Written by Don Byrd
The Tennessee legislature is considering a bill that would allow faith-based child placement agencies to refuse to provide services if they have a religious objections, even if they are funded by taxpayers. In response, a Nashville Juvenile Court judge wrote an op-ed, published by the Tennessean this week, urging legislators and the Governor to reject the proposal, which she calls “a great disservice to the approximately 8,500 children currently in foster care in Tennessee.”
Judge Sheila Calloway emphasized that not only will this measure impact the ability of same-sex couples to become foster parents, it will also such agencies to make that determination on the basis of their religion. Here is an excerpt from her powerful op-ed (my emphasis):
This legislation, if passed, would allow agencies to reject prospective foster or adoptive parents simply because of their personal identities or beliefs. In addition to permitting discrimination against prospective foster parents, the legislation would also open the door for agencies to refuse services to youth whose religious views differ from that of the agency, including LGBTQ youth.

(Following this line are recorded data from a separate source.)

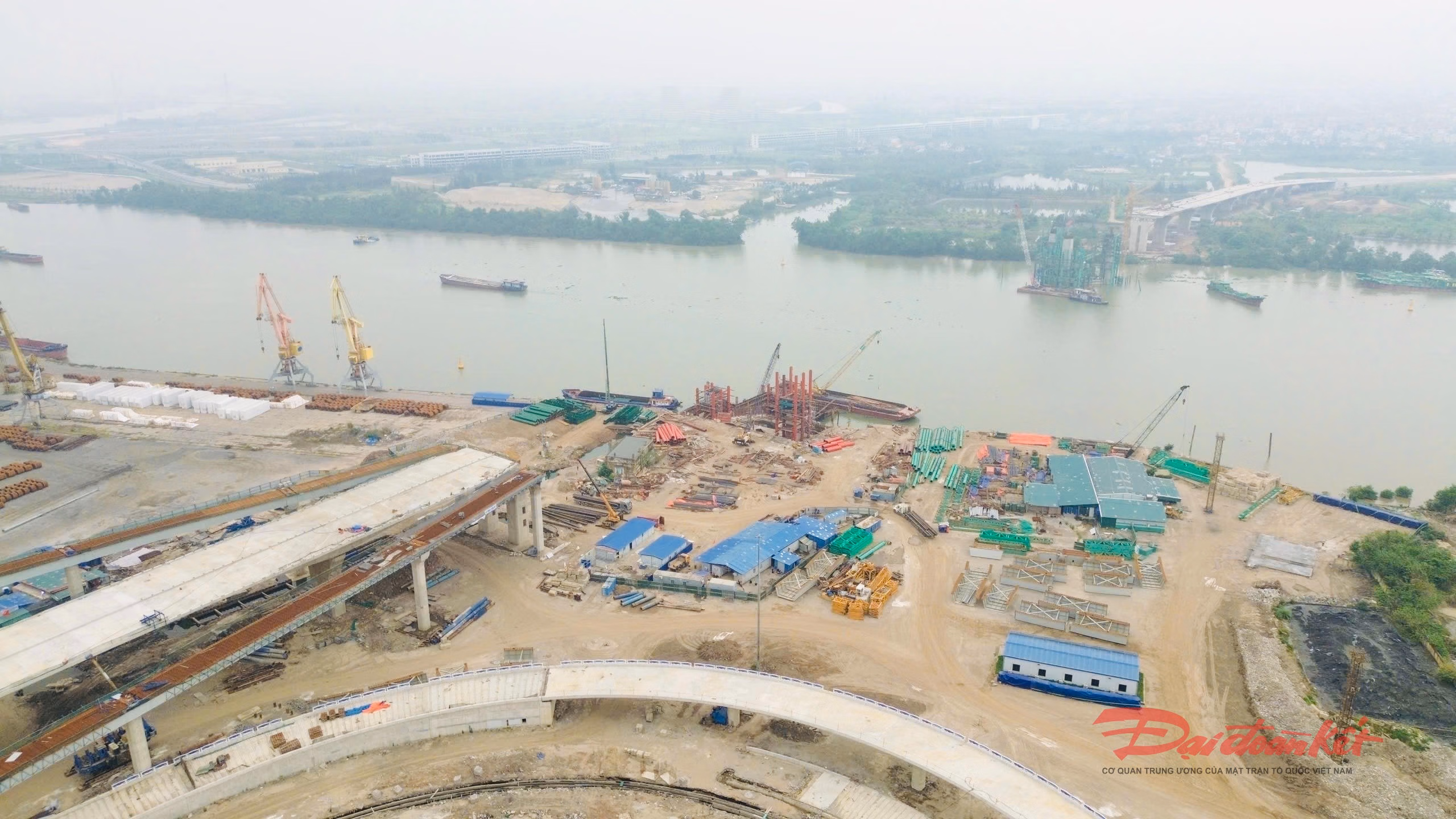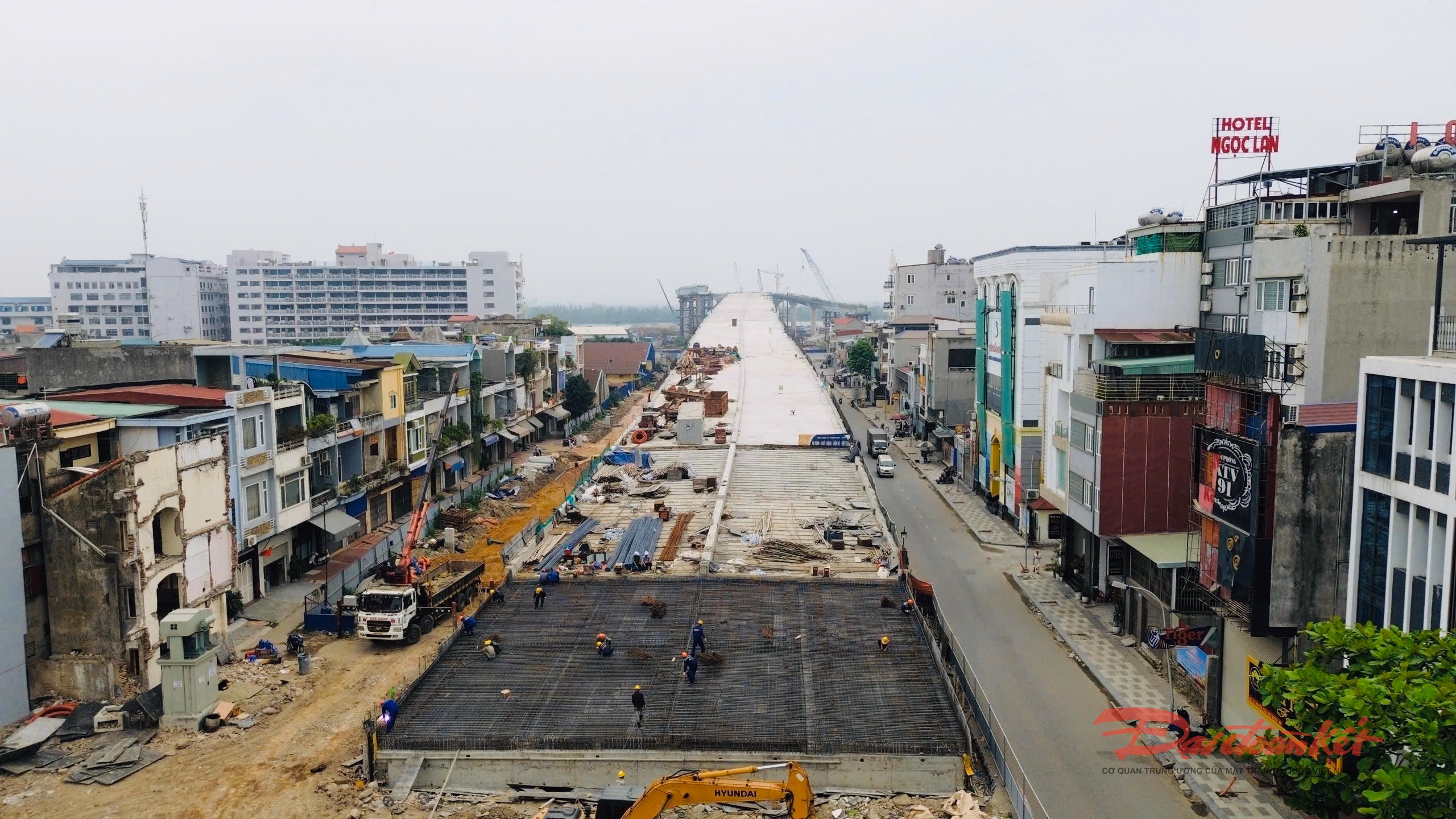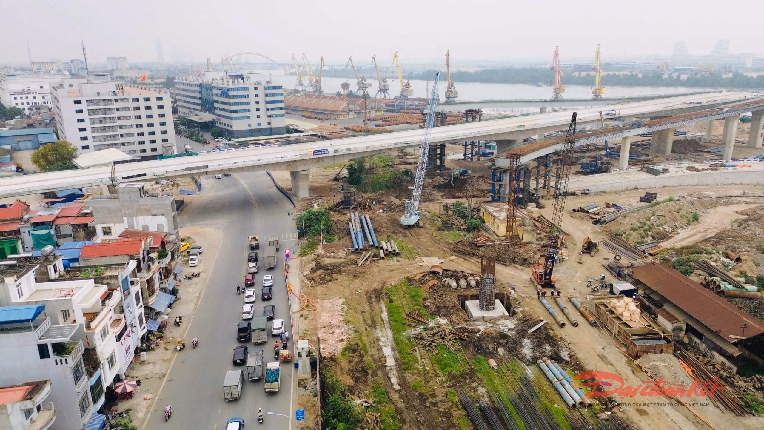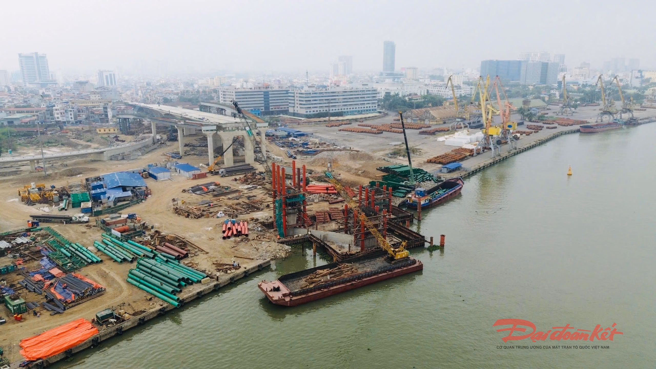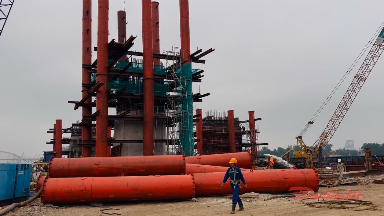 Cận cảnh đại công trường xây dựng cầu dây văng rộng nhất Hải Phòng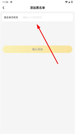 5、在输入框内输入需要拉黑的手机号,点击确认添加完成黑名单号码添加。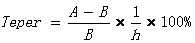 倒锥度和开口度是对结晶器进行测量评估的两个重要参数。如下图1.2所示,梯形的上底宽度A即结晶器的开口度。倒锥度分为左(右)侧倒锥度和Teper倒锥度[13]。前者是指左右侧边和垂线之间的夹角。如果设结晶器的上底宽度为A,下底宽度为B,高度为h,此时倒锥度Teper为: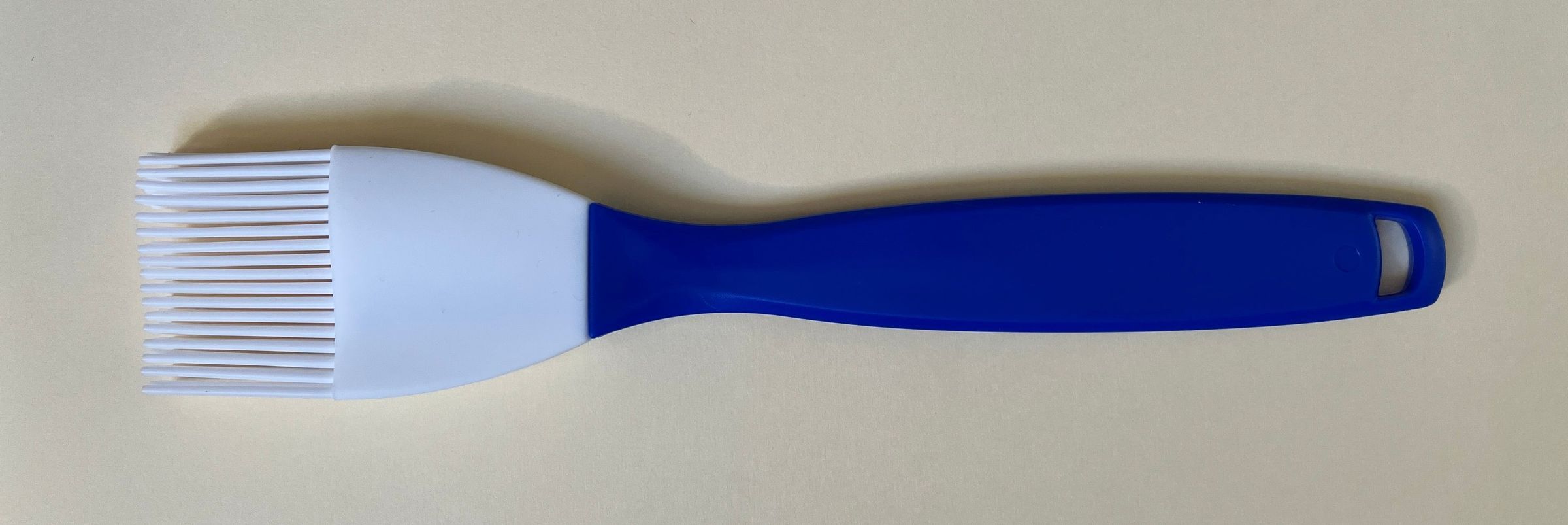 Silicon pastry or basting brush. Blue handle, white brush.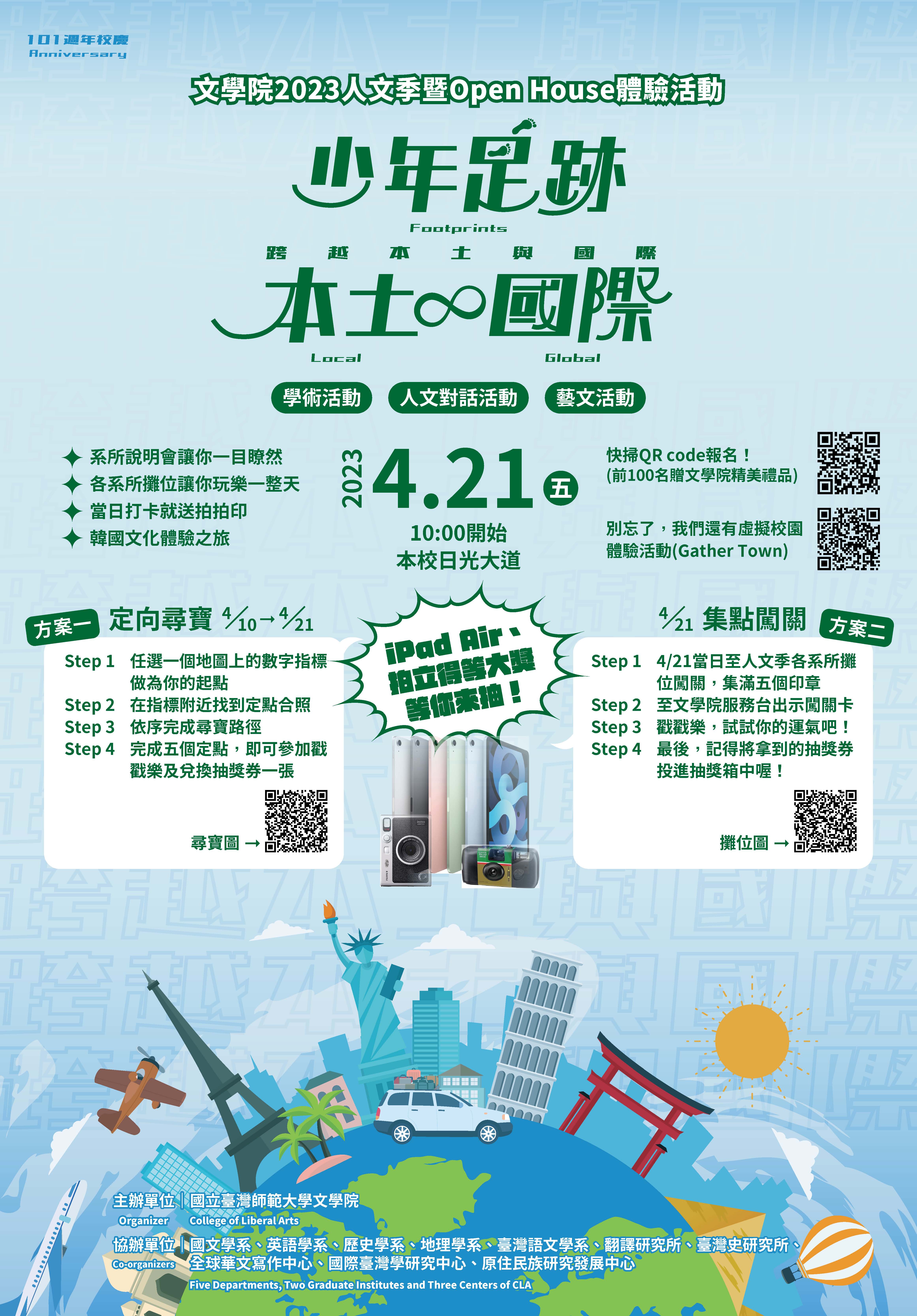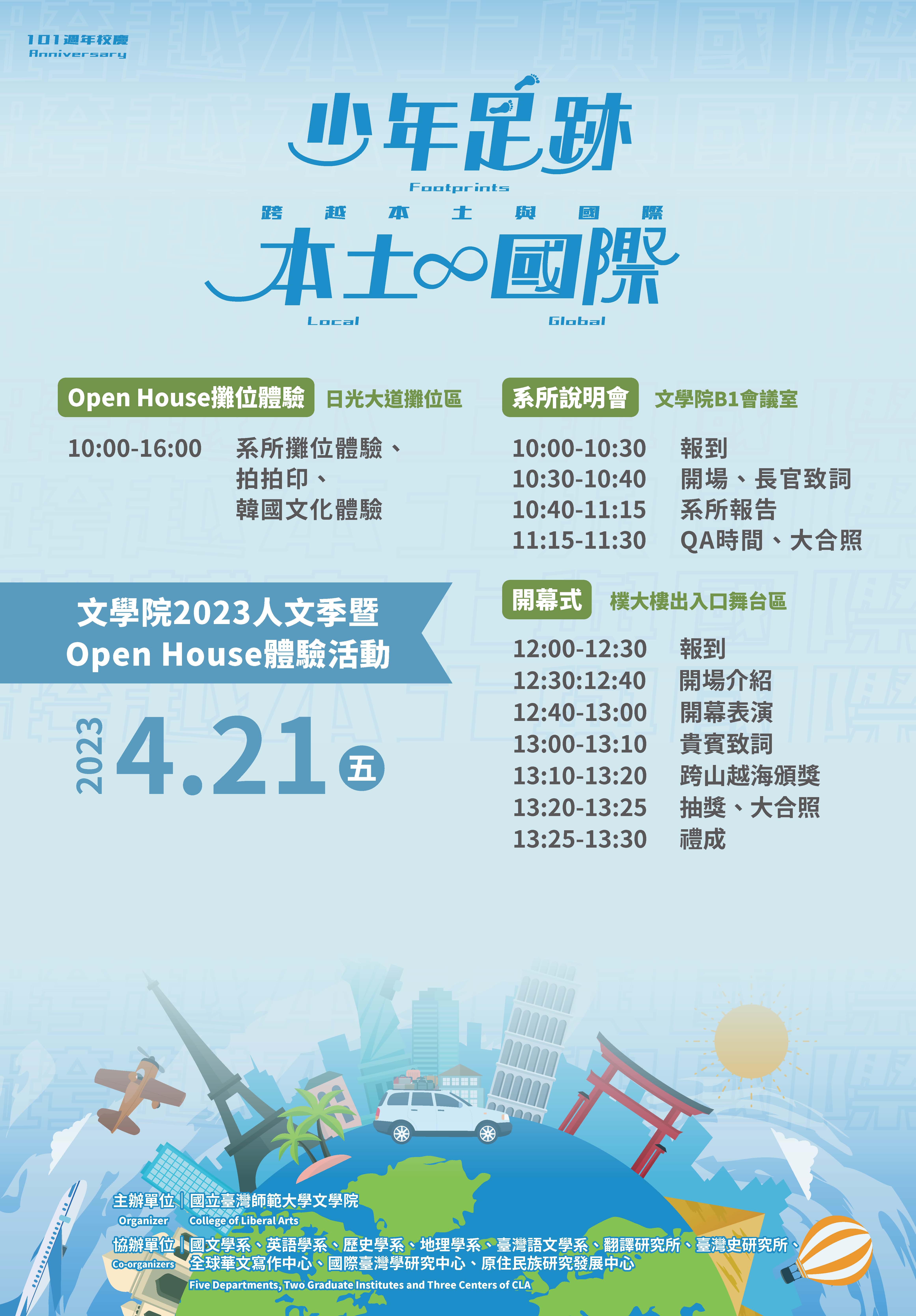 一、旨揭活動將以「Open House實體攤位體驗」與「Gather Town虛擬校園體驗」等兩種方式進行,由文學院所屬7個系所(國文學系、英語學系、歷史學系、地理學系、臺灣語文學系、翻譯研究所、臺灣史研究所)及5個學分學程(日本語文學分學程、韓國學與語文學分學程、哲學學分學程、原住民族教育文化學分學程以及數位人文與藝術學分學程)分別設置攤位進行系所簡介及互動。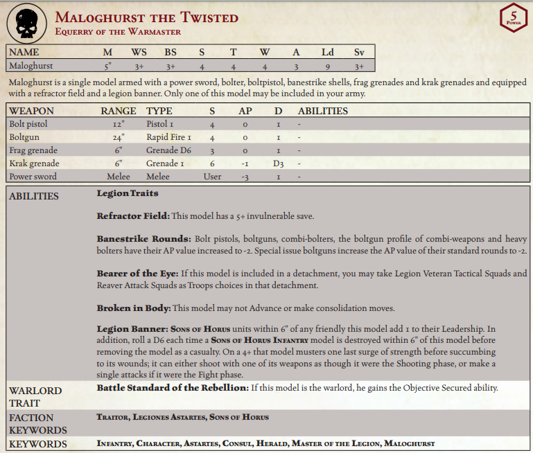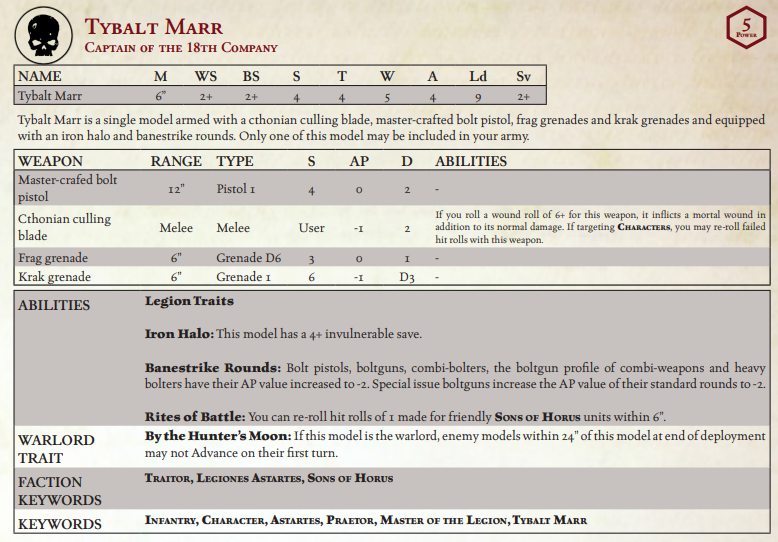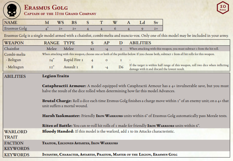 Legion Traits (AL) • Mutable Tactics: Before setting up your first unit, pick one ability from the list below. All alPha legIon astartes units gain this ability for the rest of the battle. • Feigned Deployment: At the start of the first battle round but before the first turn begins, you can move this unit up to 6”. It cannot end this move within 9” of any enemy models. If both players have units that can do this, the player who is taking the first turn moves their units first. • Advance Deployment: When you set up this unit during deployment, it can be set up anywhere on the battlefield that is more than 18” from any enemy models. • Technical Secrets: When targetting enemy Vehicles, this unit may re-roll Wound rolls of 1. • Combat Stimulants: If this unit charged or was charged in the Charge phase, it may re-roll Hit rolls of 1 in the following Fight phase. • Advance Surveying: This unit ignores any negative effects from Battlefield Terrain. • Martial Hubris: If an army containing an alPha legIon Detachment has suffered more destroyed units than the enemy army at the end of the game then it gives the opponent +1 VP.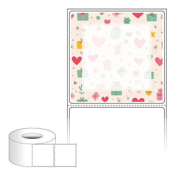 출력용 롤타입 스티커 디자인 라벨지, 규격코드: RL7573, 디자인코드: DA1393(선물 하트 포장지), 75 x 73 (mm) , 지관: 75mm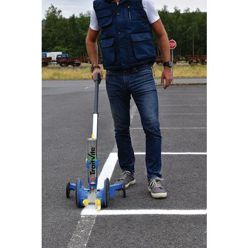 Alkalmas beltéri és kültéri használatra parkolóhelyek kialakítására, valamint gyártási, raktározási, biztonsági területek és gyalogos sétányok megjelölésére. Az applikátor egyenes, tiszta, tiszta és rendkívül tartós vonalakat hoz létre a szabadalmaztatott légáramlási rendszernek köszönhetően, amely megakadályozza, hogy a festék a vonal szélein túlra kivérezzen. Jelölőgép különféle felületekre, beleértve a cementet, epoxit, kátrányt, makadámot, aszfaltot és egyéb útfelületeket. Válasszon bármilyen vonalszélességet 50 és 100 mm között. Az állítható hátsó kerekek lehetővé teszik a falak, élek és ívelt élek közelében lévő vonalak megjelölését.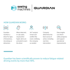 Guardian is a proactive driver safety system that protects heavy-vehicle and commercial fleets with industry-leading drowsiness and distraction detection, backed by a 24/7 human-based monitoring service.

To be clear, the potential for discrimination inherent in these bills isn’t limited to the LGBTQ community. The legislation also expressly allows discrimination against people of various faiths and people with no religious beliefs. Adoption agencies in other states have used similar reasoning to attempt to block Catholic and Jewish parents from fostering and adopting children.
We should not open the door for this type of regressive religious discrimination in Tennessee.
As the piece goes on to note, other states that have enacted similar legislation have been subject to costly legal battles (see previous posts about recent legal disputes in Pennsylvania, Michigan, and South Carolina).
The Baptist Joint Committee has long opposed any form of taxpayer-funded religious discrimination, including in the context of child placement services. “Government-funded placement programs,” BJC Executive Director Amanda Tyler stated earlier this year, “should not be allowed to exclude qualified foster parents based on religion.”